Истинная поэзия воспринимается прежде, чем понимается.

Т. С. Элиот. «Данте»

Иногда книга действует раньше, чем мы понимаем, что именно она сделала. Читатель ещё не решил, тронула ли его сцена, а тело уже изменило позу. Взгляд задержался на последней строке. Палец не переворачивает страницу. Возникло желание перечитать абзац, хотя смысл его совершенно ясен. Или, наоборот, хочется скорее пройти дальше, будто несколько напечатанных предложений способны заметить нашу неловкость.
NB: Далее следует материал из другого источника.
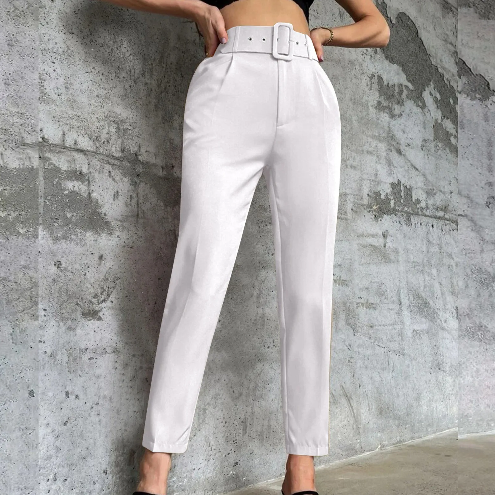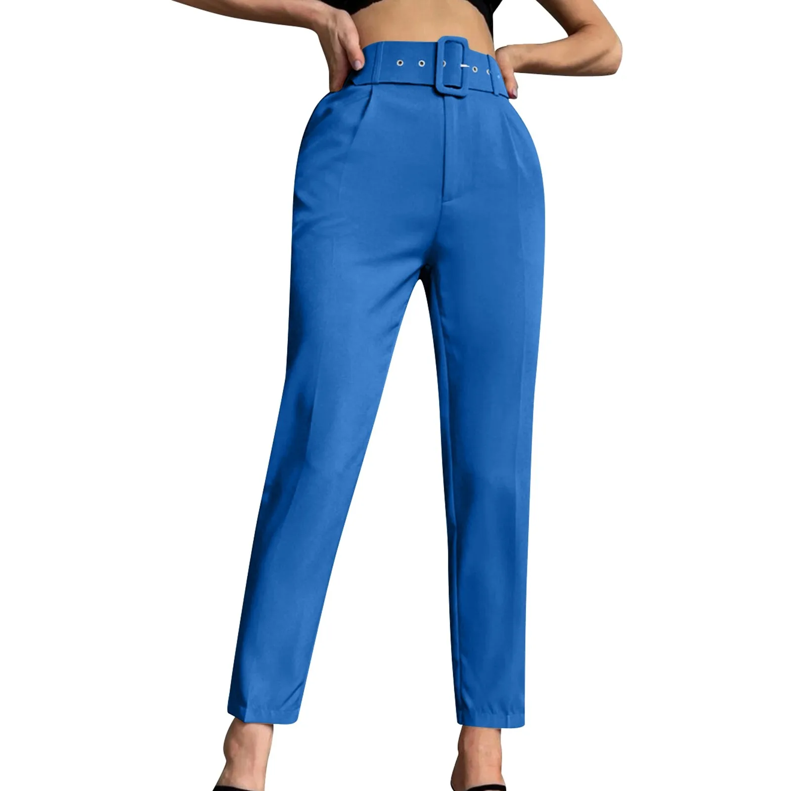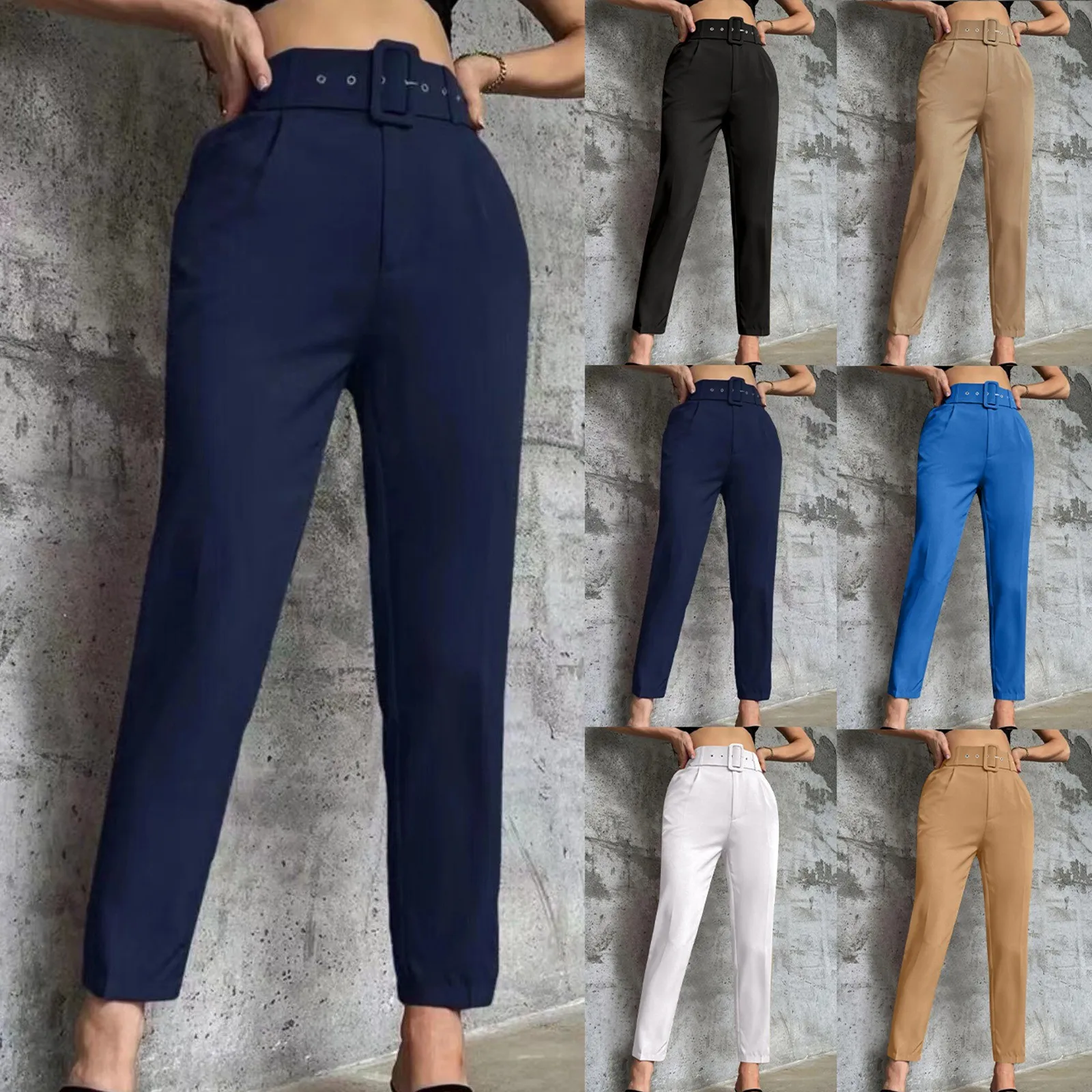 Women’s Summer Solid Color High Waisted Slim Comfortable Casual Straight Leg Nine Point Pants

Такое мгновение трудно назвать. Печаль? Слишком определённо. Страх? Никакой опасности нет. Сочувствие? Возможно, но к нему примешаны раздражение, стыд, любопытство и даже тайное облегчение оттого, что несчастье случилось не с нами. Обычный язык требует выбрать одно слово, а литература умеет удерживать состояние до выбора.
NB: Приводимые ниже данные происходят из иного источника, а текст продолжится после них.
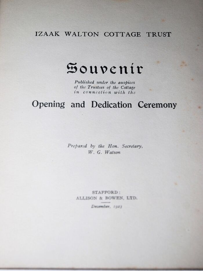 Izaak Walton Cottage Trust Souvenir of Opening Ceremony Souvenir Published
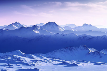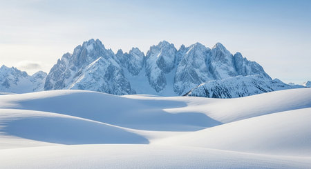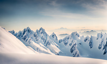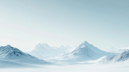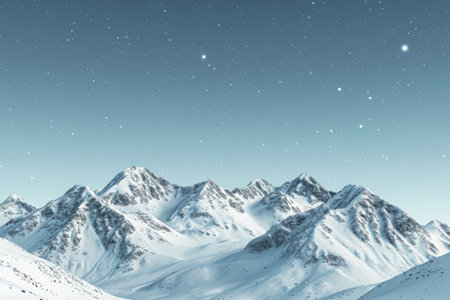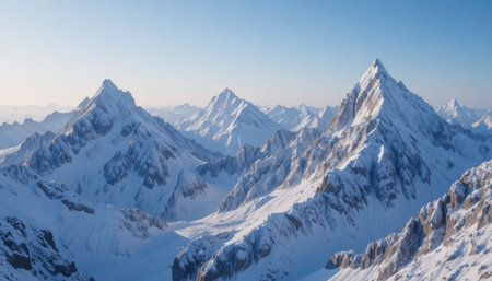 Snow-covered mountain range under a pale winter sky, tranquil and serene alpine landscape scene under a clear blue sky
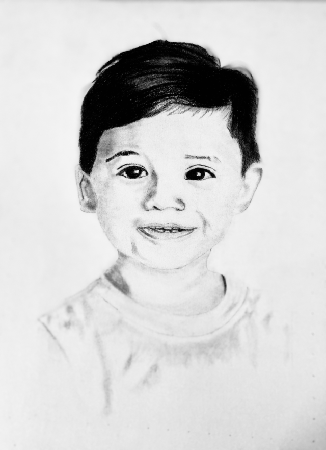 'Harmony' captures the pure joy and energy of childhood in charcoal. The child's blissful expression radiates a sense of happy harmony and simple pleasures.
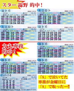 ![]() [誕生月突入でさっそくロト6で‼] 2025年12月6日 ![]() 12月1日(月)、まずはロト6で僕が5等1口、対する専務はQPで5等3口ゲット! 月が変わって、いよいよ僕の誕生日も近づいてきましたよ! そんななかでの快調なスタートです! 続くナンバーズ3では、専務は当せん数字「886」を「680」グランドスラム狙い! さらに本誌予想も「887」と「866」‼ これどうなってるのーっ‼ 若干お冠の専務! 2日(火)は、ミニロトで僕が4等2口を自力でゲット! この日の1等は久々に4000万円弱と高配当でした♪ ナンバーズ3では、専務が魅せます! 当せん数字「584」を「745」グランドスラム狙い‼ 風車盤、百の位「7」の隣は「8」なんですよー! 昨日に続き「8」にやられてます…。 3日(水)は、またも専務! ナンバーズ3当せん数字「156」を「197」グランドスラム狙い! 一見、1数字しか合ってないように見えますが、そうなんです! でもこの百の位をしっかり当てた、ということが大事! ナンバーズ4では僕が魅せますよー! 当せん数字「7263」を「7063」で買ってた! しかも風車盤の矢が落ちてのこのストレートひとつ違いーっ‼ 買っていたのはボックスだったけど、悔しいーっ‼ 4日(木)は、ロト6で僕が4等ゲットーッ‼ やっぱり誕生月に入って運気も上昇中! 次回は3等かな?? ちなみにナンバーズ4の当せん数字は「5571」。僕の55周年、そして『空に太陽がある限り』が1971年。そう「55」と「71」で買えましたよねーっ! まあ結果論ですけど♪ 5日(金)は、専務がやってくれました! ナンバーズ4で当せん数字「4784」を「7448」でセットボックスゲット! 実は専務、ナンバーズ3が終わった段階で「今週はこんな週だったー」と言いかけたんですが、いや今日のナンバーズ4は自信がある! と言ったんです。専務曰く、「今日は24(にしきの)が来る!」と。結果、今週泣かされていた「8」も入り、「24」の裏で「74」との組み合わせで見事「7448」が出て来たというわけ! この当たり、すごいですよ、ほんと! 当てた専務、「スッキリしたー!」だって(笑)。今年も残り少なくなってきましたが、まだまだ当たりがありそうですよー! 僕も負けないぞーっ‼ 今回はここまでで2人合わせて、786週連続当せん。オススメ数字は、12月にある「一粒万倍日」。一粒の籾が万倍にも実る、といわれる縁起のいい日。宝くじ購入にはもってこいなんです。「8」「9」「20」「21」の4日! ぜひ宝くじ購入に加え、オススメ数字として活用してみてください♪ 超速ロト・ナンバーズTOPへ(C)イマジカインフォス
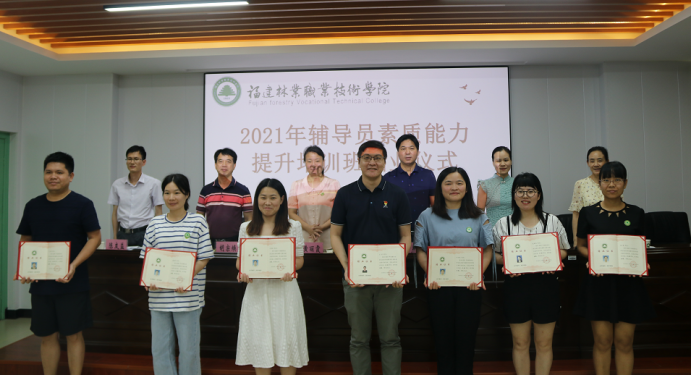 本网讯 为进一步强化我院辅导员队伍建设,全面提升辅导员的思想水平、政治觉悟、道德品质、文化素养、科研能力和育人效果,2021年4月至6月,学生工作部组织开展了2021年辅导员素质能力提升培训班。经过近三个月的理论知识讲授和校内外实践培训,本期培训班圆满完成了规定的培训课程。2021年6月25日,我院在江南校区办公楼六楼会议室举办了2021年辅导员素质能力提升培训班结业仪式。院党委副书记严绍裕、宣传部部长邹小燕、人事教育处处长黄丽霞、学生工作部部长蔡敏、安全保卫处处长胡宗焕、团委副书记(主持工作)陈友益,林学系党总支书记徐洪、建筑工程系党总支书记王云彪、艺术传媒系党总支书记陈政、经济管理系党总支书记谢福荣、园林系党总支书记陈剑勇、信息工程系党总支副书记(主持工作)罗志斌、各系学生科长和全体专兼职辅导员参加了结业仪式。结业仪式由蔡敏部长主持。
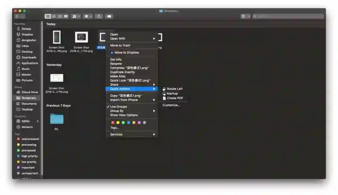 最后,访达里的快速预览功能也得到了加强。在之前的 macOS 版本中,我们可以通过选中文件后敲击空格键来快速预览文件内容,包括图片、PDF、Text 等格式,但是无法进行更多的操作。而在 Mojave 中,我们可以在快速预览状态下直接对预览内容进行一些简单的操作,比如说你可以在预览图片时进行标注或者旋转,而不用再像之前那样双击打开图片后再进行这些操作了。值得注意的是,你在快速预览时进行的操作会被实时保存到原文件中。

В рассказе Чехова «Тоска» извозчик Иона весь вечер пытается сообщить людям о смерти сына. Пассажиры торопятся, сердятся, перебивают его. Никто не совершает демонстративно жестокого поступка; никто не произносит речи о человеческом одиночестве. В финале Иона рассказывает всё лошади. Она жуёт сено и дышит ему на руки. Этого почти недостаточно, чтобы назвать сцену утешением, и слишком много, чтобы счесть её только изображением равнодушия. Читатель остаётся в промежутке: человеку наконец дали договорить, но услышать его оказалось некому.

Сила рассказа не в слове «тоска», вынесенном в заглавие. Название ничего не передаёт само по себе. Оно могло бы обозначить романтическую скуку, смутное недовольство, похмельное утро. Значение возникает из повторяющейся неудачи: Иона начинает говорить — его обрывают; ищет лицо — видит спину; пытается разделить случившееся — возвращается к нему в одиночестве. К концу текста читатель не получает определение тоски. Он знает её устройство.

Это различие и будет предметом эссе. Литература не пересылает чувство от автора читателю, как письмо с заранее вложенным содержанием. Она создаёт последовательность, в которой одна подробность меняет другую; задерживает объяснение; заставляет фразу споткнуться, ускориться или замолчать; распределяет знание между людьми; предоставляет нам место, из которого чужое переживание становится не виднее, а сложнее. Эмоция возникает не как иллюстрация к названному слову, а как способ пройти через текст.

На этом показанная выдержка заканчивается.